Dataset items
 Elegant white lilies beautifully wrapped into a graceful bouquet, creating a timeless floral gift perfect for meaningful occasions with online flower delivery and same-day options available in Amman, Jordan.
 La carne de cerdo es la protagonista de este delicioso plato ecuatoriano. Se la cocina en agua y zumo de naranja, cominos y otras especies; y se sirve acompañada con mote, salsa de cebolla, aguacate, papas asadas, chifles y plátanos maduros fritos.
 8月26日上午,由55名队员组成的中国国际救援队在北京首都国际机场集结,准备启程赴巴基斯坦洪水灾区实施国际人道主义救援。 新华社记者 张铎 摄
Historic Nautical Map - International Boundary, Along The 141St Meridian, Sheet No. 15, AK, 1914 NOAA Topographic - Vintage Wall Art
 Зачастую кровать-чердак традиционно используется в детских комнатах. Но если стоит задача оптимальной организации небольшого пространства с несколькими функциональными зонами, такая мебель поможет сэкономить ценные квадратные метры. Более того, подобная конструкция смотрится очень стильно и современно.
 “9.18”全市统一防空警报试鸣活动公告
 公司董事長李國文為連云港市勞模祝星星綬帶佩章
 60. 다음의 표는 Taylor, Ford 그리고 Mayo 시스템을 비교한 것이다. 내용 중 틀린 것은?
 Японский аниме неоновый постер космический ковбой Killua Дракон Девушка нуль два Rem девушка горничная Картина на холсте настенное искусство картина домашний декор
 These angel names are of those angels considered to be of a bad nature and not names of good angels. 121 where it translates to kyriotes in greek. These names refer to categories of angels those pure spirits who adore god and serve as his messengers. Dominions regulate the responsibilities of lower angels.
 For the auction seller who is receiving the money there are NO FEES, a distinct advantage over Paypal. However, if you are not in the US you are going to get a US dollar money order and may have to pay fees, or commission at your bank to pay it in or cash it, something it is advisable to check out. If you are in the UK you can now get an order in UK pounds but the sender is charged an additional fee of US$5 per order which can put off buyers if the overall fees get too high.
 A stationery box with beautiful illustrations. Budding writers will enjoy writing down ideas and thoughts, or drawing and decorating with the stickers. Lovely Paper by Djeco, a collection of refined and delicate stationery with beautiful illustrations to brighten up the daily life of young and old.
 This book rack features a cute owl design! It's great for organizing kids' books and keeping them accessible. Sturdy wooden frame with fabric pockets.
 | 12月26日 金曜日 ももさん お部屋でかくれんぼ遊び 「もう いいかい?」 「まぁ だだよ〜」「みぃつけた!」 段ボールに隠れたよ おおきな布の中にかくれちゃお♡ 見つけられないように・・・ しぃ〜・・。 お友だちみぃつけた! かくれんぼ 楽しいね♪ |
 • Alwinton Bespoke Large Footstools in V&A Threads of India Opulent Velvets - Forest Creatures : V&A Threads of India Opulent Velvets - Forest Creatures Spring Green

» PROBLEM:
Above are the records; from them, give again exactly the lines from the one containing "A stationery box" to the one containing "This book rack", both lines included, and nothing more.

» SOLUTION FOR THIS TASK:
 A stationery box with beautiful illustrations. Budding writers will enjoy writing down ideas and thoughts, or drawing and decorating with the stickers. Lovely Paper by Djeco, a collection of refined and delicate stationery with beautiful illustrations to brighten up the daily life of young and old.
 This book rack features a cute owl design! It's great for organizing kids' books and keeping them accessible. Sturdy wooden frame with fabric pockets.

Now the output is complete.